**ACTIVITY:**
The data below should be retyped exactly, with the pictures left out.

══════════════════════════════

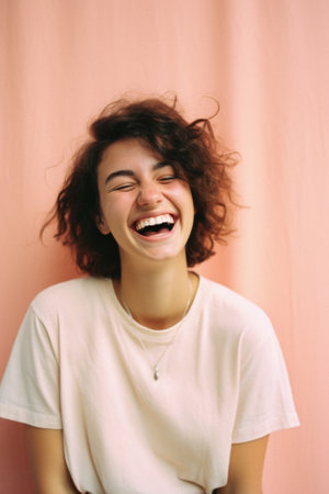 Portrait of a beautiful young woman with curly hair laughing on a pink background.
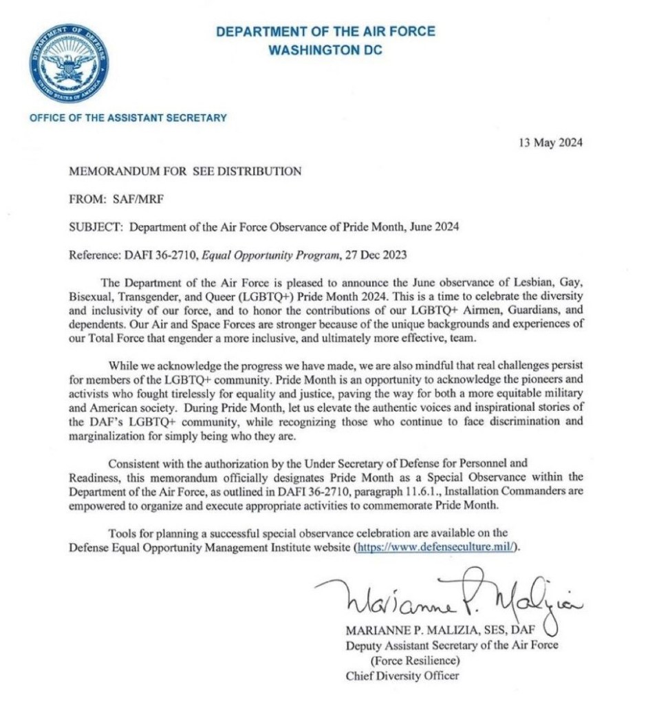 “The Department of the Air Force is pleased to announce the June observance of Lesbian, Gay, Bisexual, Transgender, and Queer (LGBTQ+) Pride Month 2024. This is a time to celebrate the diversity and inclusivity of our force, and to honor the contributions of our LGBTQ+ Airmen, Guardians, and dependents. Our Air and Space Forces are stronger because of the unique backgrounds and experiences of our Total Force that engender a more inclusive, and ultimately more effective, team.”
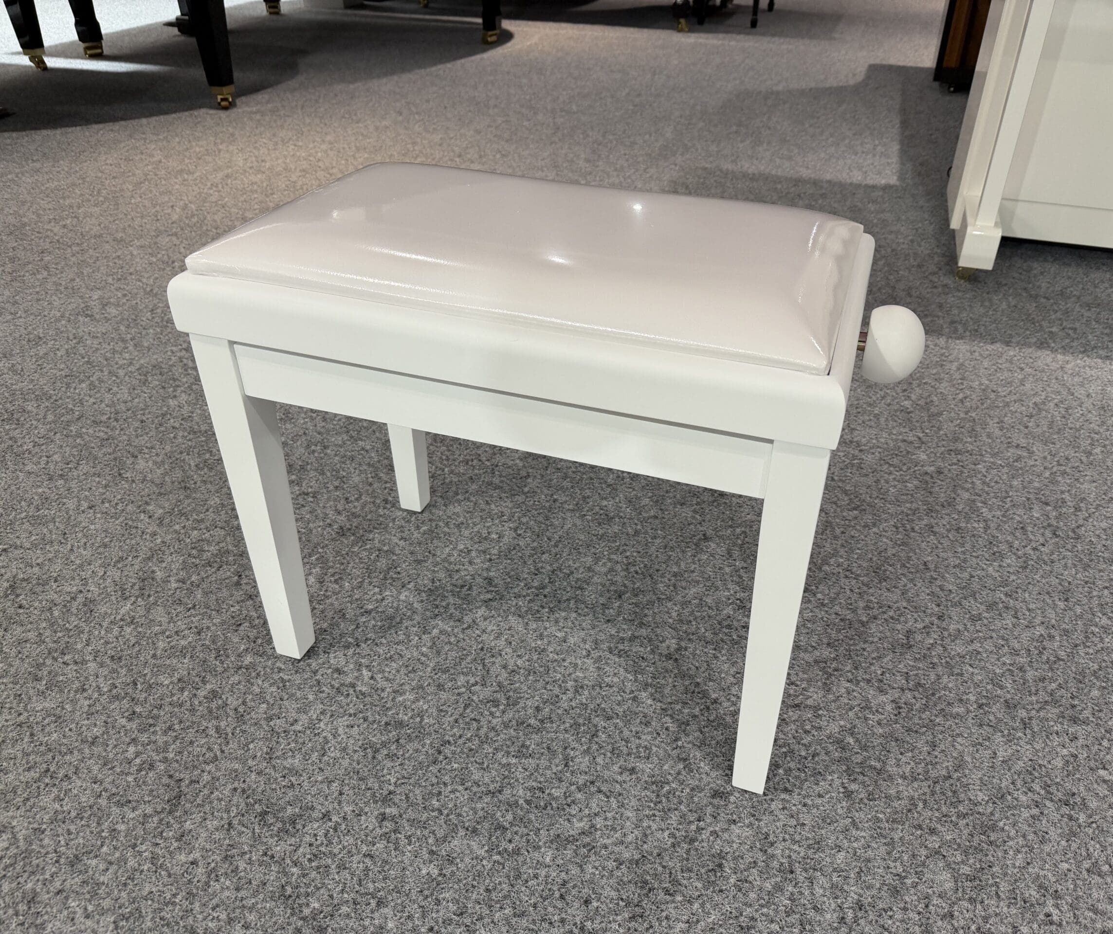 This luxurious stool has a white vinyl top, and all the woodwork is made from the highest quality timber and finished in white satin. The rise and fall mechanism is sturdy and does not rock when in use.
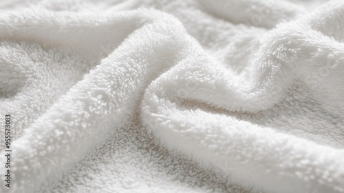 White Plush Towel Texture, Close-Up Shot, Top View. AI generated illustration
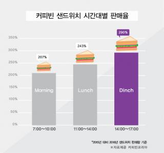 또 ‘커피빈코리아’가 최근 2개년 동안 샌드위치 판매수치를 분석한 결과 2016년 샌드위치 판매량이 2015년 대비 약 3.5배 증가, 특히 오후2시~5시 사이의 판매율이 약 4배로 가장 크게 상승해 점심과 저녁사이의 식사를 즐기는 딘치(Dinch)족의 판매가 늘어난것으로 나타났다.
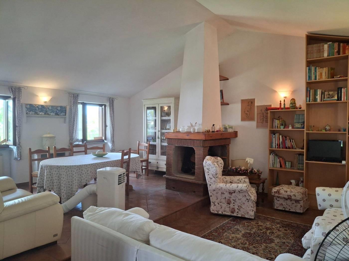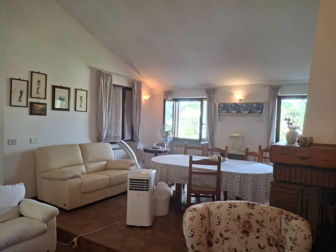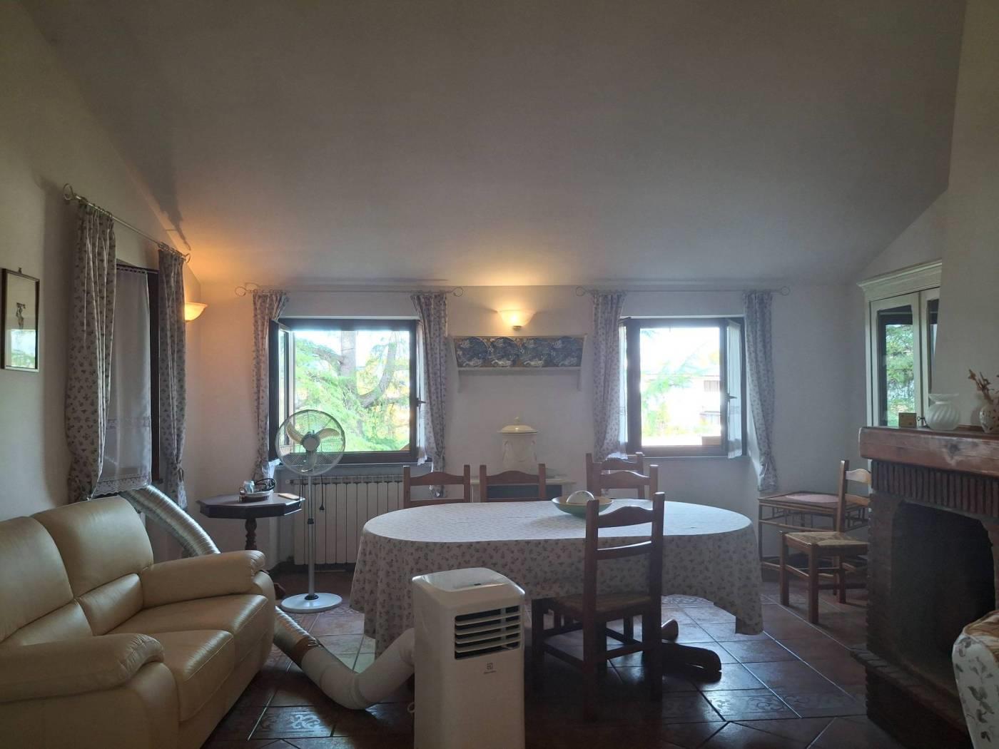 L'appartamento ha una metratura interna di mq 120 c.a. ed è composto da salone con camino, due ampie camere da letto, doppi servizi cucina abitabile (con barbecue in muratura) ed un portico di mq 15 c.a dove poter comodamente mangiare nella bella stagione. E' un immobile completamente arredato, con una doppia esposizione, Est/Ovest . No spese di condominio, riscaldamento autonomo.
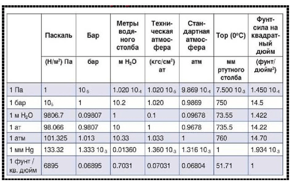 | Паскаль (Pa, Па) | Бар (bar, бар) | Техническая атмосфера (at, ат) | Миллиметр ртутного столба (мм рт. ст., mm Hg, Torr, торр) | Метр водяного столба (м вод. ст., m H2O) | Фунт-сила на кв. дюйм (psi) | |

══════════════════════════════

**SOLUTION TO THIS EXERCISE:**
 Portrait of a beautiful young woman with curly hair laughing on a pink background.
 “The Department of the Air Force is pleased to announce the June observance of Lesbian, Gay, Bisexual, Transgender, and Queer (LGBTQ+) Pride Month 2024. This is a time to celebrate the diversity and inclusivity of our force, and to honor the contributions of our LGBTQ+ Airmen, Guardians, and dependents. Our Air and Space Forces are stronger because of the unique backgrounds and experiences of our Total Force that engender a more inclusive, and ultimately more effective, team.”
 This luxurious stool has a white vinyl top, and all the woodwork is made from the highest quality timber and finished in white satin. The rise and fall mechanism is sturdy and does not rock when in use.
 White Plush Towel Texture, Close-Up Shot, Top View. AI generated illustration
 또 ‘커피빈코리아’가 최근 2개년 동안 샌드위치 판매수치를 분석한 결과 2016년 샌드위치 판매량이 2015년 대비 약 3.5배 증가, 특히 오후2시~5시 사이의 판매율이 약 4배로 가장 크게 상승해 점심과 저녁사이의 식사를 즐기는 딘치(Dinch)족의 판매가 늘어난것으로 나타났다.
 L'appartamento ha una metratura interna di mq 120 c.a. ed è composto da salone con camino, due ampie camere da letto, doppi servizi cucina abitabile (con barbecue in muratura) ed un portico di mq 15 c.a dove poter comodamente mangiare nella bella stagione. E' un immobile completamente arredato, con una doppia esposizione, Est/Ovest . No spese di condominio, riscaldamento autonomo.
 | Паскаль (Pa, Па) | Бар (bar, бар) | Техническая атмосфера (at, ат) | Миллиметр ртутного столба (мм рт. ст., mm Hg, Torr, торр) | Метр водяного столба (м вод. ст., m H2O) | Фунт-сила на кв. дюйм (psi) | |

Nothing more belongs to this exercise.